Cann, a Curtis graduate, will teach private lessons as well as coach chamber music, and hopes her role will be even more expansive.

Pianist Michelle Cann
Pianist Michelle CannRead moreJiyang Chen

The Curtis Institute of Music has created a position in honor of Eleanor Sokoloff, the legendary piano professor who taught at the school for more than eight decades, and the school has named Philadelphia pianist Michelle Cann to fill the spot.

The 2013 Curtis graduate takes up the inaugural Eleanor Sokoloff chair in piano studies with duties she expects to begin in the new year. Sokoloff died in July at age 106.

Cann will teach private lessons as well as coach chamber music, and said Tuesday that she hopes her role will be even more expansive. Nothing is set, but she envisions making mentorship connections between Curtis students and young musicians in the city.

She also hopes to broaden the career-soloist mind-set with which some students enter Curtis.

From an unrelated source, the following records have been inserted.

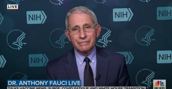 Fauci went on the "Today" program this morning and answered a question from Savannah Guthrie about whether it was bad that the Trump administration hasn't allowed the transition period to officially begin, which is the thing that is supposed to happen after the incumbent president gets his nuts handed to him by the challenger.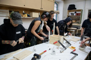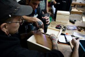 Im Januar leiteten Winnie und Serra vom Schokowerkstatt Kollektiv einen zweitägigen Holz-Workshop in Kreuzberg. Die Teilnehmenden lernten den Umgang mit Handwerkzeugen, das Messen, Sägen und Zusammenbauen von Holz und bauten dabei ihre eigenen kleinen Boxen.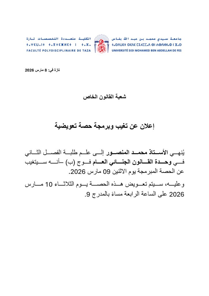 اعلان إلى علم طلبة الفصل الثاني في وحدة القانون الجنائي العام فوج (ب)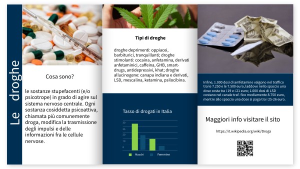droghe deprimenti: oppiacei, barbiturici, tranquillanti; droghe stimolanti: cocaina, anfetamina, derivati anfetaminici, caffeina, GHB, smart-drugs, antidepressivi, khat; droghe allucinogene: canapa indiana e derivati, LSD, mescalina, ketamina, psilocibina.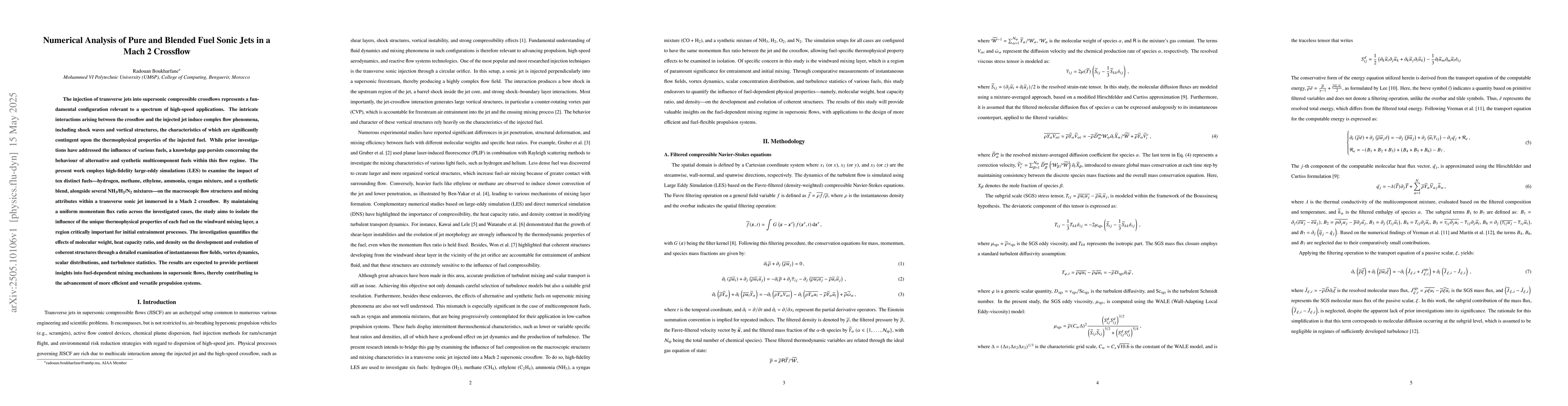 The paper presents a comprehensive numerical analysis of various pure and blended fuels in a Mach 2 crossflow using LES, focusing on the influence of thermophysical properties on mixing processes.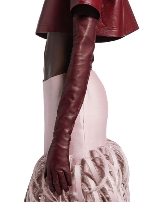 Long glove. Soft lambskin Handmade Classic, timeless long fitted gloves Balenciaga logo debossed on the edge Main material: Lambskin leather contains non-textile parts of animal origin Made in France. Lsd Handbags - Balenciaga > Balenciaga > Saks Fifth Avenue. Balenciaga. Color: Burgundy. Size: Medium.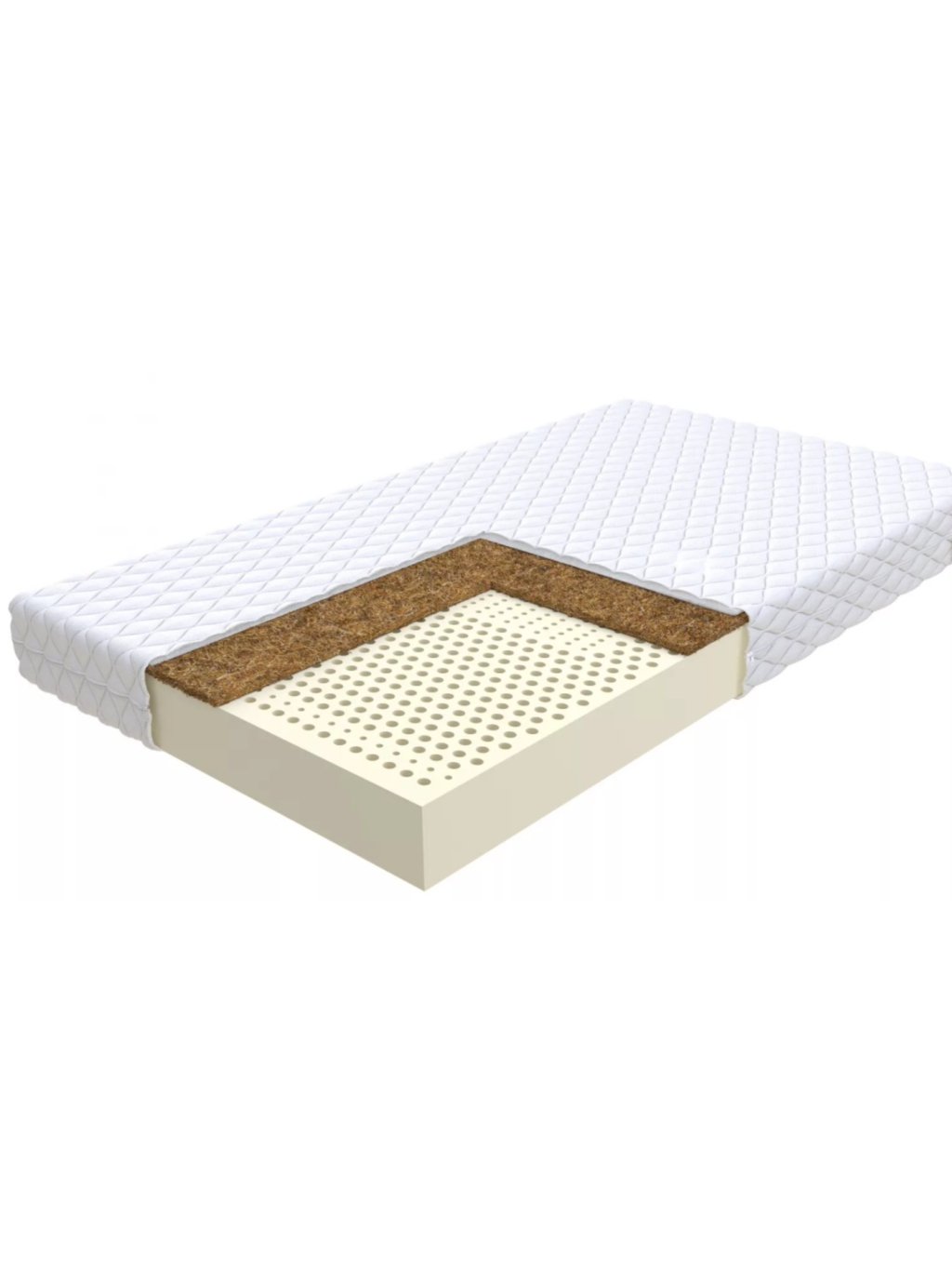 Kokosová vrstva (3 cm): Kokosové vlákno je přírodní materiál známý svou pevností a odolností, který dodává matraci potřebnou tuhost. Tato vrstva poskytuje výbornou oporu pro páteř dítěte, což je klíčové pro jeho správný vývoj. Kokosová deska je přirozeně prodyšná a umožňuje volný průchod vzduchu, čímž napomáhá odvádět vlhkost a udržuje optimální teplotu. Díky svým antibakteriálním vlastnostem kokos zabraňuje hromadění roztočů a plísní, což zajišťuje hygienické a zdravé prostředí pro spánek. Tento ekologicky šetrný materiál je také velmi odolný a dlouho vydrží.

“The world is really changing, and I think it’s extremely important to be more than great pianists who sit in the practice room for hours to win a competition and get a solo career,” said Cann. “That’s not to say that that work isn’t important, but we are at a point for every conservatory to take it much farther than that. It’s important for Curtis students to be much more well-rounded.”

Cann, 33, has performed with the Florida Orchestra and the New Jersey Symphony Orchestra, and in early 2021 is slated as soloist with the Philadelphia Orchestra in its first performance of Florence Price’s Concerto in One Movement. She holds two degrees in piano performance from the Cleveland Institute of Music. At Curtis, she studied with Robert McDonald, who remains on the piano faculty.

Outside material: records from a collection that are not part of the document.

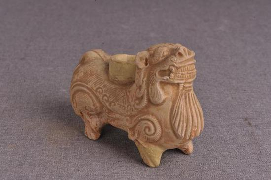 馆藏六朝青釉陶兽水盂(图十),塑为狮形,昂首站立,全身用细纹刻画出卷曲的毛发,狮背有一长颈口,狮身饰青釉,开鱼牙片纹,看起来形态生动、雄浑。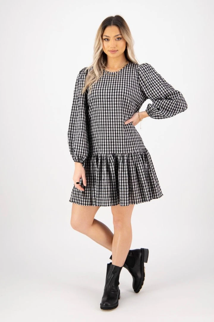 Serve a floral chic look with the Emelia Black Check Smock Dress! This pretty mini features long balloon sleeves witha bow tie cut outs at the back. Its floaty, dreamy and perfect for your next event. Pair this gorgeous number with strappy heels and a blazer for the perfect night out look.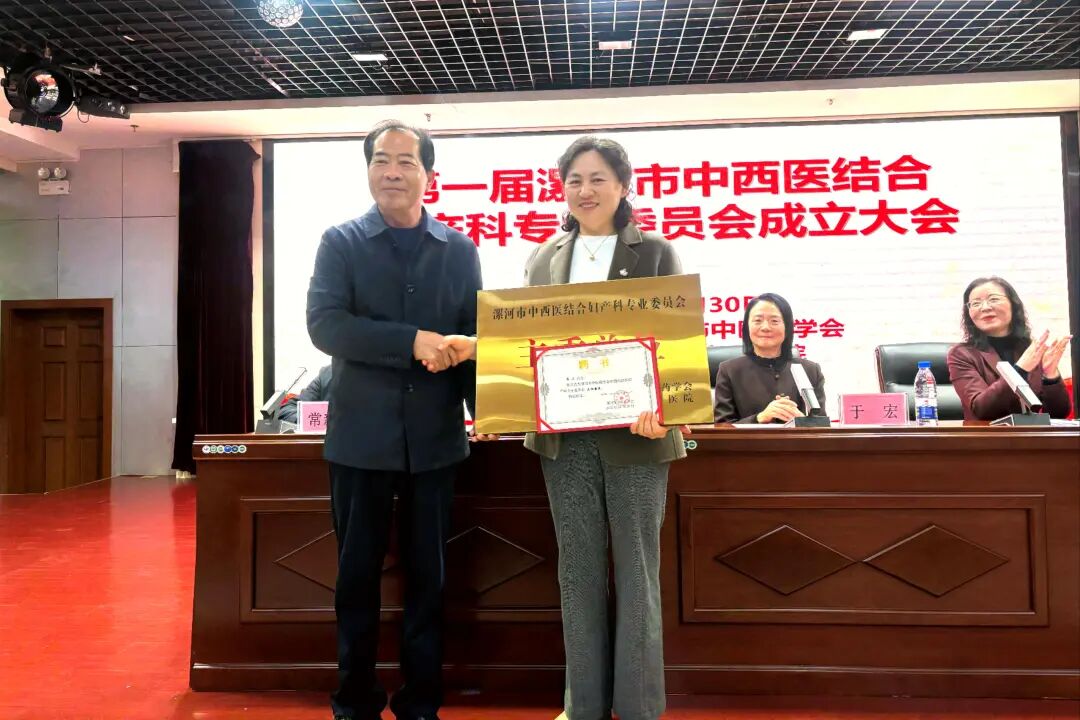 漯河市中醫(yī)藥學(xué)會(huì)理事長(zhǎng)陳來恩為漯河市中醫(yī)藥學(xué)會(huì)中西醫(yī)結(jié)合婦產(chǎn)科專業(yè)委員會(huì)的成立揭牌并給本次大會(huì)主任委員齊衛(wèi)頒發(fā)聘書。

Curtis, in October, also named pianist Yefim Bronfman to its faculty.

Eleanor Sokoloff taught at Curtis for 84 years, and frequently spoke about the hurdles facing female pianists in what has been a male-dominated field. The chair newly named in her honor is intended to be held in perpetuity “only by an exceptionally gifted and forward-thinking female pianist,” according to Curtis’ announcement, and was created with support from Curtis piano alumnus William A. Horn and the Sokoloff family.